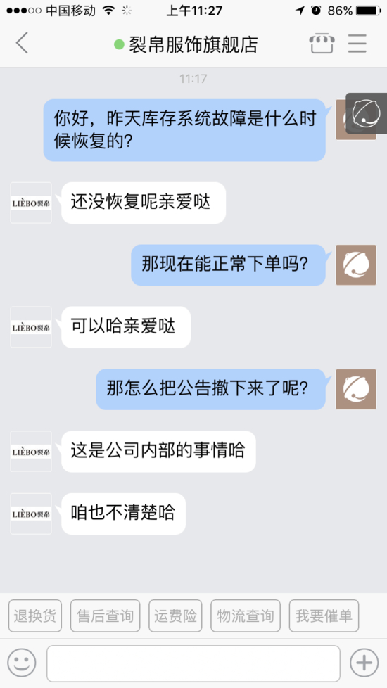 一边是库存系统仍未恢复,一边是买家能正常下单,裂帛有些自相矛盾的回应不免让人心生疑虑。而茵曼的拒绝回应也让人摸不到头脑。因为一旦公告被撤下来,有很多不知情的消费者可能就会继续下单。对于商家来说,如若库存系统不可控,势必影响订单的处理,很有可能造成“超卖”情况。之于不知情的消费者而言,买到一个无法按时发货的商品恐怕也是非常糟糕的体验。
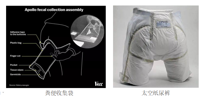 在失重的太空中,宇航員在飛行中的“如廁”問題亟待解決。人類載人航天探索初期,飛行任務不會太久,所以經常通過食用低殘渣飲食、飛行前做腸道清潔等方式來避免如廁。隨著飛行時長的增加,如廁問題難以避免,于是阿波羅飛船上的宇航員開始使用糞便收集袋,使用時用膠布把收集袋粘在屁股上,使用后加入殺菌劑密封并均勻揉搓,以免糞便產生的氣體使袋子爆炸。宇航員在太空停留的時間越來越長,繼糞便收集袋、尿液收集袋之后,華人唐鑫源發明了太空紙尿褲,可以讓航天員在10個小時之內不用脫去宇航服,內部解決“方便”問題。
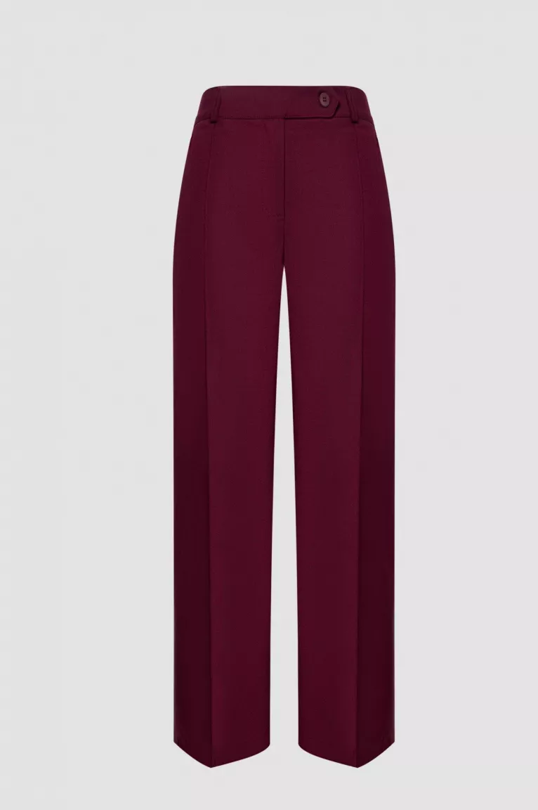 Классические широкие брюки из смесовой шерсти — универсальный элемент базового гардероба. Они выполнены в строгом стиле, с высокой посадкой, поясом на резинке сзади и застёжкой-молнией. Простроченные стрелки спереди и сзади придают образу аккуратность и элегантность. Брюки имеют стандартную длину, что делает их подходящими для создания деловых и повседневных образов.
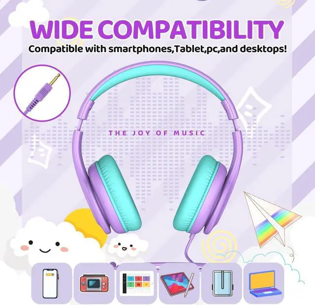 Extensive Compatibility: JoySpark kids headphones with cord are universally compatible with most 3.5 mm plug-enabled devices. Simply plug in and enjoy hassle-free connectivity with smartphones, PCs, laptops, tablets, and more.
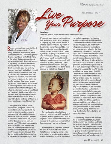 I never lost my passion for hair and would do my friends and family’s hair. I knew I needed to make provisions to leave a very secure job, finish cosmetology school, become licensed and get into a teaching salon. By the time I opened my salon I was a six-figure stylist and booked out three-and-a-half months. Three years after the first salon came the second salon, Hair Restoration Center & Training Academy. During this time, I continued my education, set goals and helped other stylists excel in their craft. Becoming a Trichologist was a natural progression for me. My clients would ask me about issues that I felt I should know more about especially since it was associated with hair loss. I started to learn about the meds and looked for alternative non-medicinal solutions. My research started yielding great results I knew there was only one more thing to do, become a specialist in hair loss and scalp disorders. I completed a full program in 1yr, 2 months. I was amazed by all the scientific research that goes into hair loss and hair restoration. As a Certified Stylist and Certified Trichologist my ultimate goal is to help other stylist and salons identify hair loss behind the chair, get to the root of their client’s issues, identify scalp disorders, and help clients make the best choice for hair restoration. Overcoming adversity has allowed me to excel. I needed to fully understand adversity is a situation and not a life sentence. Adversity rooted me in my faith and has brought me to where I am today. Adversity did not allow me to give up even though so much was stacked against me. Embrace adversity, learn from it and Live Your Purpose. Issue 29, Spring 2019

----------

**EXERCISE REQUIREMENTS:** The expected output is the full data above, reproduced exactly with no images.

**RESPONSE FOR THIS EXERCISE:**
 一边是库存系统仍未恢复,一边是买家能正常下单,裂帛有些自相矛盾的回应不免让人心生疑虑。而茵曼的拒绝回应也让人摸不到头脑。因为一旦公告被撤下来,有很多不知情的消费者可能就会继续下单。对于商家来说,如若库存系统不可控,势必影响订单的处理,很有可能造成“超卖”情况。之于不知情的消费者而言,买到一个无法按时发货的商品恐怕也是非常糟糕的体验。
 在失重的太空中,宇航員在飛行中的“如廁”問題亟待解決。人類載人航天探索初期,飛行任務不會太久,所以經常通過食用低殘渣飲食、飛行前做腸道清潔等方式來避免如廁。隨著飛行時長的增加,如廁問題難以避免,于是阿波羅飛船上的宇航員開始使用糞便收集袋,使用時用膠布把收集袋粘在屁股上,使用后加入殺菌劑密封并均勻揉搓,以免糞便產生的氣體使袋子爆炸。宇航員在太空停留的時間越來越長,繼糞便收集袋、尿液收集袋之后,華人唐鑫源發明了太空紙尿褲,可以讓航天員在10個小時之內不用脫去宇航服,內部解決“方便”問題。
 Классические широкие брюки из смесовой шерсти — универсальный элемент базового гардероба. Они выполнены в строгом стиле, с высокой посадкой, поясом на резинке сзади и застёжкой-молнией. Простроченные стрелки спереди и сзади придают образу аккуратность и элегантность. Брюки имеют стандартную длину, что делает их подходящими для создания деловых и повседневных образов.
 Extensive Compatibility: JoySpark kids headphones with cord are universally compatible with most 3.5 mm plug-enabled devices. Simply plug in and enjoy hassle-free connectivity with smartphones, PCs, laptops, tablets, and more.
 I never lost my passion for hair and would do my friends and family’s hair. I knew I needed to make provisions to leave a very secure job, finish cosmetology school, become licensed and get into a teaching salon. By the time I opened my salon I was a six-figure stylist and booked out three-and-a-half months. Three years after the first salon came the second salon, Hair Restoration Center & Training Academy. During this time, I continued my education, set goals and helped other stylists excel in their craft. Becoming a Trichologist was a natural progression for me. My clients would ask me about issues that I felt I should know more about especially since it was associated with hair loss. I started to learn about the meds and looked for alternative non-medicinal solutions. My research started yielding great results I knew there was only one more thing to do, become a specialist in hair loss and scalp disorders. I completed a full program in 1yr, 2 months. I was amazed by all the scientific research that goes into hair loss and hair restoration. As a Certified Stylist and Certified Trichologist my ultimate goal is to help other stylist and salons identify hair loss behind the chair, get to the root of their client’s issues, identify scalp disorders, and help clients make the best choice for hair restoration. Overcoming adversity has allowed me to excel. I needed to fully understand adversity is a situation and not a life sentence. Adversity rooted me in my faith and has brought me to where I am today. Adversity did not allow me to give up even though so much was stacked against me. Embrace adversity, learn from it and Live Your Purpose. Issue 29, Spring 2019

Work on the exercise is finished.